Required action >> Everything from the first line of the records below through the line containing "保健センター(長久手市岩作城" is to be retyped exactly; leave out the rest.

Dataset records >>

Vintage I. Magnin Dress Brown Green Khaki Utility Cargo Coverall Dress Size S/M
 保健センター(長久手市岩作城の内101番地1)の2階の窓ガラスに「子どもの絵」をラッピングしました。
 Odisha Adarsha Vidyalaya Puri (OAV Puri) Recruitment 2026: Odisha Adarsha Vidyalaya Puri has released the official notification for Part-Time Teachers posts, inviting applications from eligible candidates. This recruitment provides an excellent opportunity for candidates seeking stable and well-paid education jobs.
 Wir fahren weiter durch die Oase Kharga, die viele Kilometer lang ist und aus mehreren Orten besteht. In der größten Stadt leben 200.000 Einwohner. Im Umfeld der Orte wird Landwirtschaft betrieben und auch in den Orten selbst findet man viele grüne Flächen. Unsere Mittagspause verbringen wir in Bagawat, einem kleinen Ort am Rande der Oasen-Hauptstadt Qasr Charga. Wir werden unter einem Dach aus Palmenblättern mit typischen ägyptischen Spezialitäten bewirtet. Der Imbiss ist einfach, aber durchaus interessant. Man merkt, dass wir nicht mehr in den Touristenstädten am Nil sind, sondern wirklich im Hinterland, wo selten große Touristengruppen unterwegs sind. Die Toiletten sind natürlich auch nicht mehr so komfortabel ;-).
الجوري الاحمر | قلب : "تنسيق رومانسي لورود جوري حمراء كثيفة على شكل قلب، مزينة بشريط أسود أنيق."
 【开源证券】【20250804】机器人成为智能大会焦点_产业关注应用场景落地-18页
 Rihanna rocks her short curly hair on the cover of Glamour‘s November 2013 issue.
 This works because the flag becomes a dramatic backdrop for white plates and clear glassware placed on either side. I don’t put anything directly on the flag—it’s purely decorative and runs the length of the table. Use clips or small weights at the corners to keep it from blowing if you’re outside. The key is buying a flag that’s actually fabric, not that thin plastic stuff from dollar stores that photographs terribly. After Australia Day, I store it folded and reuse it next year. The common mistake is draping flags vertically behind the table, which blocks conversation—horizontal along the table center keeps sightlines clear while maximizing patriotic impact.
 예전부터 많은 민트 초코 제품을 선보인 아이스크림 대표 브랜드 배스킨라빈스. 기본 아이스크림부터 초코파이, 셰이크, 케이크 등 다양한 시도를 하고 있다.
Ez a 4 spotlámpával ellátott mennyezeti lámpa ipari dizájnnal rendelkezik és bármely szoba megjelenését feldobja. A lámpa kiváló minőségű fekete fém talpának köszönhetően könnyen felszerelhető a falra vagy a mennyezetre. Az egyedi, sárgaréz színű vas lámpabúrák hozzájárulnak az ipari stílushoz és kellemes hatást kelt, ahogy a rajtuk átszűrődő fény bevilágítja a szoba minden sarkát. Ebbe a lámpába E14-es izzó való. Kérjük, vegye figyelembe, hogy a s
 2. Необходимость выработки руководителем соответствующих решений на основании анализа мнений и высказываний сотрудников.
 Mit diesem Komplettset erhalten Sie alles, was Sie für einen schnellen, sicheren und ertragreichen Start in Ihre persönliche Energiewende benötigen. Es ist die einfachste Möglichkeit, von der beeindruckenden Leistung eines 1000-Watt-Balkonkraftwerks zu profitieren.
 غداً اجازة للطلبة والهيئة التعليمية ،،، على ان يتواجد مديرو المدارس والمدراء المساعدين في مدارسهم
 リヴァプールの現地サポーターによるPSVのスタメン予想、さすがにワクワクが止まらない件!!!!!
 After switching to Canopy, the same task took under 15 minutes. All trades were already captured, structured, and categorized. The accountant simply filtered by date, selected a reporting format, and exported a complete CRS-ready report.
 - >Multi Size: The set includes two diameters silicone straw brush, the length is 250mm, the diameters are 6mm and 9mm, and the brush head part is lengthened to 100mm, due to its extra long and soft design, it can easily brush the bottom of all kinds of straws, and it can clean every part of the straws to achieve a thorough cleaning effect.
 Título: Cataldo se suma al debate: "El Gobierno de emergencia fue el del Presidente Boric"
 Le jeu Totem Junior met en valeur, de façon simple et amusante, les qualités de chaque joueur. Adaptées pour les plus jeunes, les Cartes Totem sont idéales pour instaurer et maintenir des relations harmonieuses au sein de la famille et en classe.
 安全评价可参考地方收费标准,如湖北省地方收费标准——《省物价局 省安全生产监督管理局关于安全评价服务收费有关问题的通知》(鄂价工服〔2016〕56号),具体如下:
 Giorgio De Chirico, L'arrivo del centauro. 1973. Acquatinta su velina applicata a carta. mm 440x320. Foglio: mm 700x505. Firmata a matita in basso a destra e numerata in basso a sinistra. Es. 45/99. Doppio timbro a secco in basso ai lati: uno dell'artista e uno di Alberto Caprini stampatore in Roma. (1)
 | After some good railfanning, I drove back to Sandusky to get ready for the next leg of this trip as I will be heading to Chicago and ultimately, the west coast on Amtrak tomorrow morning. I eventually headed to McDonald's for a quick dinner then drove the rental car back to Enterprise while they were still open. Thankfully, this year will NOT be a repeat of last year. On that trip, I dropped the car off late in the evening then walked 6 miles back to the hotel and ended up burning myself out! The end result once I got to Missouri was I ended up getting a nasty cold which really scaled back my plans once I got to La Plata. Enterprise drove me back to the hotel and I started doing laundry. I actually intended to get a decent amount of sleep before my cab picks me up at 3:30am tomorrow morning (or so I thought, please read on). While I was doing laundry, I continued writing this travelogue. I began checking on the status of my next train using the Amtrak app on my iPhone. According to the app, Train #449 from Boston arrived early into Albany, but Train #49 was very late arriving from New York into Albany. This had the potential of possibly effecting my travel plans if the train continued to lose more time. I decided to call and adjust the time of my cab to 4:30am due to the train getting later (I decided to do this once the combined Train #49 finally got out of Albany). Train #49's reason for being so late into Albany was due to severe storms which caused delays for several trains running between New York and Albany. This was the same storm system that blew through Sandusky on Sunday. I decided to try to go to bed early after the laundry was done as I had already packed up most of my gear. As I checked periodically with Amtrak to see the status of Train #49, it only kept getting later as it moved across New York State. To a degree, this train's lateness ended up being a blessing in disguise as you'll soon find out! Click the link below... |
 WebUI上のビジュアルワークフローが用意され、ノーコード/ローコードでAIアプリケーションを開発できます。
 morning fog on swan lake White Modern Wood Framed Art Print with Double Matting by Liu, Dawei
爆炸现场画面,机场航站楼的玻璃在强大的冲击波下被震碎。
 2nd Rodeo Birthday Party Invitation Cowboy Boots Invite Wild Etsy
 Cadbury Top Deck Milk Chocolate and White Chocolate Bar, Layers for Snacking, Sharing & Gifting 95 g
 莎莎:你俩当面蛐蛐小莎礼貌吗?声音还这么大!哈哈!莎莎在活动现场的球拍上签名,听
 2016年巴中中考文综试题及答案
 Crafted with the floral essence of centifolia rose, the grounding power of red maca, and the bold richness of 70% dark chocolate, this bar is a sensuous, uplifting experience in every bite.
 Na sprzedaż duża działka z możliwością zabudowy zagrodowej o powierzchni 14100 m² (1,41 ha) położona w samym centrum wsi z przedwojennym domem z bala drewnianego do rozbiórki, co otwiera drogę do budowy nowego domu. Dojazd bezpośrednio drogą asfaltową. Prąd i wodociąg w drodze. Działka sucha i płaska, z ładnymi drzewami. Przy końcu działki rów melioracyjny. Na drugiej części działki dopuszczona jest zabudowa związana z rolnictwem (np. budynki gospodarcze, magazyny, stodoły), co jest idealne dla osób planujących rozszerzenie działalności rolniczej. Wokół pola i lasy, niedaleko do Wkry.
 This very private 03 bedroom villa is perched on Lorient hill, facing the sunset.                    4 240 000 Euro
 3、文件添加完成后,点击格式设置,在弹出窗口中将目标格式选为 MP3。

Completed exercise >>
Vintage I. Magnin Dress Brown Green Khaki Utility Cargo Coverall Dress Size S/M
 保健センター(長久手市岩作城の内101番地1)の2階の窓ガラスに「子どもの絵」をラッピングしました。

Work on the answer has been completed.